* The task
Please repeat the records word for word and skip the pictures.

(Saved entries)
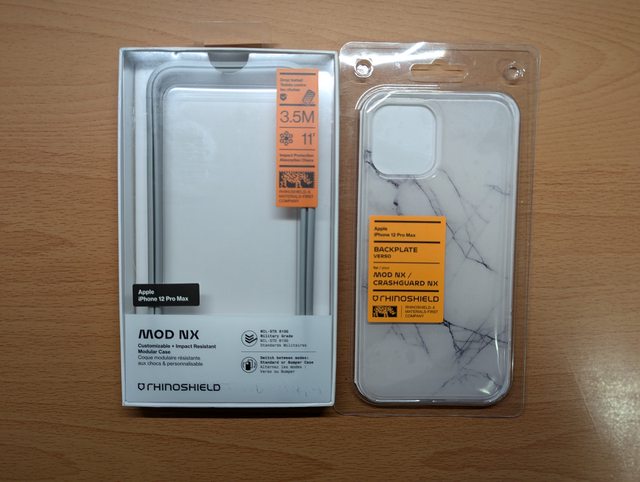 盒裝內含:犀牛盾 Mod NX 淺灰色邊框 + 白色大理石背版
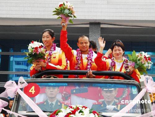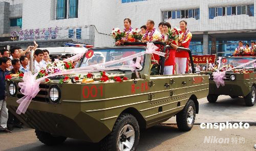 圖為當(dāng)?shù)匚渚筷?duì)用水陸兩棲車迎載北京奧運(yùn)皮劃艇冠軍楊文軍(前中)、跆拳道冠軍吳靜鈺(前右)、女子賽艇四人雙槳冠軍金紫薇(前左)等人。
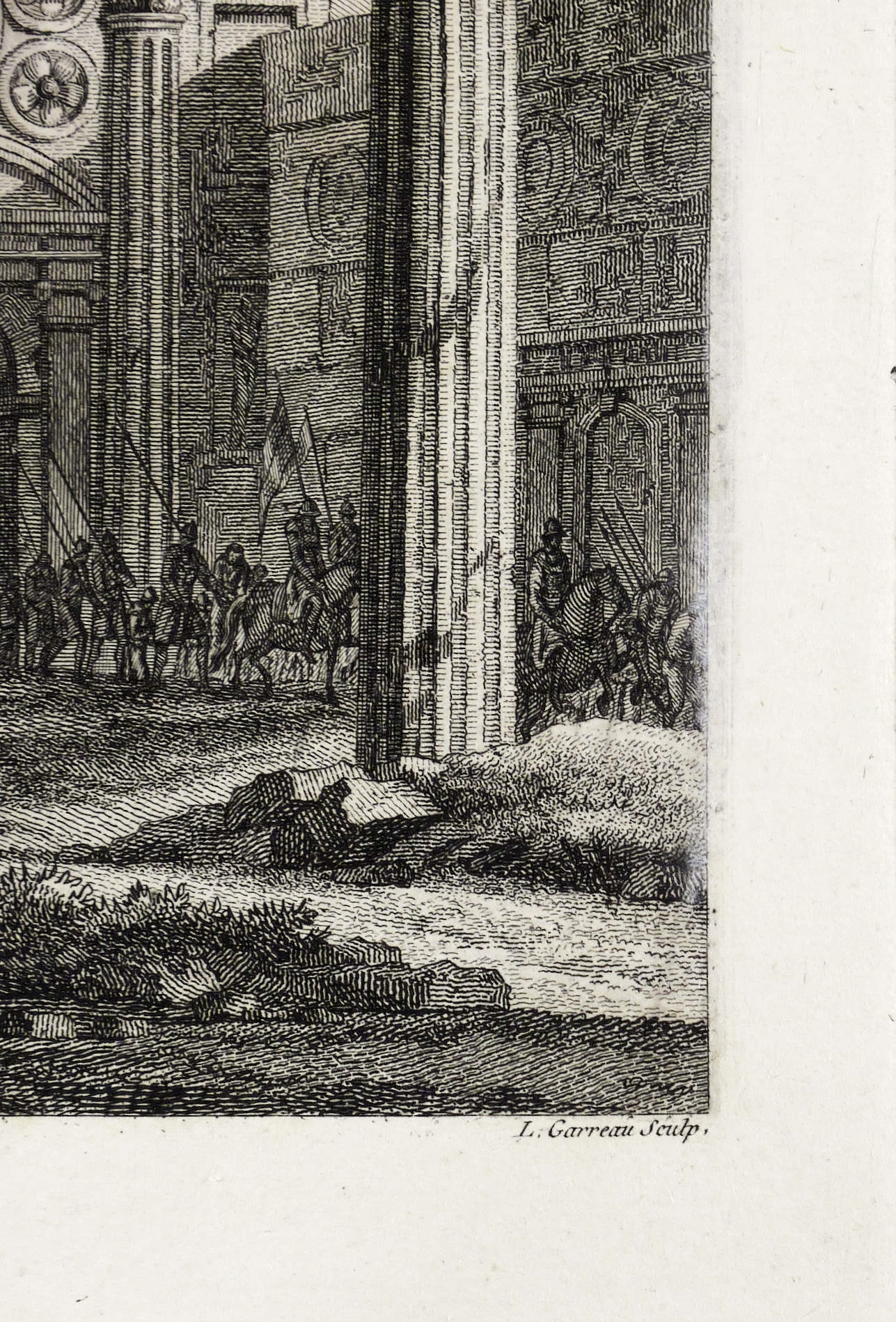 1792. Radierung / Strichätzung. – Originale Künstlergrafik, von Louis Garreau. – 15,2 x 20,6 cm (Darstellung), 19,0 x 23,4 cm (Platte), 28 x 43 cm (Blatt).
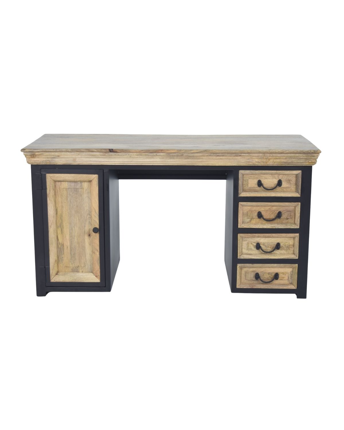 A stylish industrial mango wood desk with a spacious top, storage cabinet, and four drawers—perfect for creating an organized and elegant workspace at home or office.
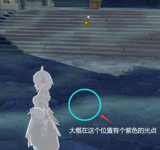 打开元素视野后,我们可以看到,在任务指引的位置会出现紫色的光点,这个就是元素痕迹了。
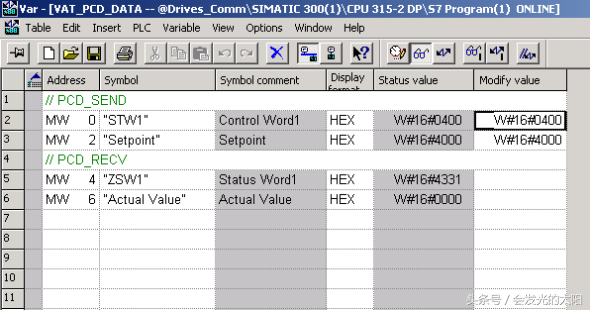 通常S7传送到驱动装置的第1个字是控制字,第2个字是频率设定值;驱动装置传送到S7的第1个字是状态字,第2个字是频率实际值。这是最简单的应用。
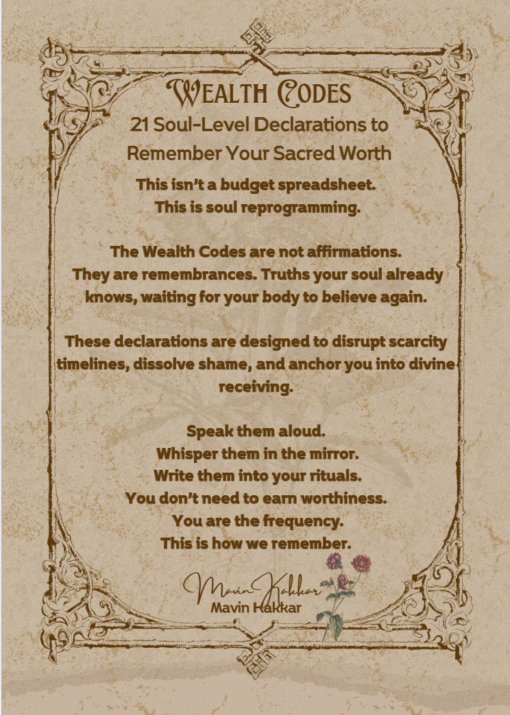 The Wealth Codes are not simple affirmations — they are remembrances. Truths your soul has always known, waiting for your body to believe again.

* Your solution
 盒裝內含:犀牛盾 Mod NX 淺灰色邊框 + 白色大理石背版
 圖為當(dāng)?shù)匚渚筷?duì)用水陸兩棲車迎載北京奧運(yùn)皮劃艇冠軍楊文軍(前中)、跆拳道冠軍吳靜鈺(前右)、女子賽艇四人雙槳冠軍金紫薇(前左)等人。
 1792. Radierung / Strichätzung. – Originale Künstlergrafik, von Louis Garreau. – 15,2 x 20,6 cm (Darstellung), 19,0 x 23,4 cm (Platte), 28 x 43 cm (Blatt).
 A stylish industrial mango wood desk with a spacious top, storage cabinet, and four drawers—perfect for creating an organized and elegant workspace at home or office.
 打开元素视野后,我们可以看到,在任务指引的位置会出现紫色的光点,这个就是元素痕迹了。
 通常S7传送到驱动装置的第1个字是控制字,第2个字是频率设定值;驱动装置传送到S7的第1个字是状态字,第2个字是频率实际值。这是最简单的应用。
 The Wealth Codes are not simple affirmations — they are remembrances. Truths your soul has always known, waiting for your body to believe again.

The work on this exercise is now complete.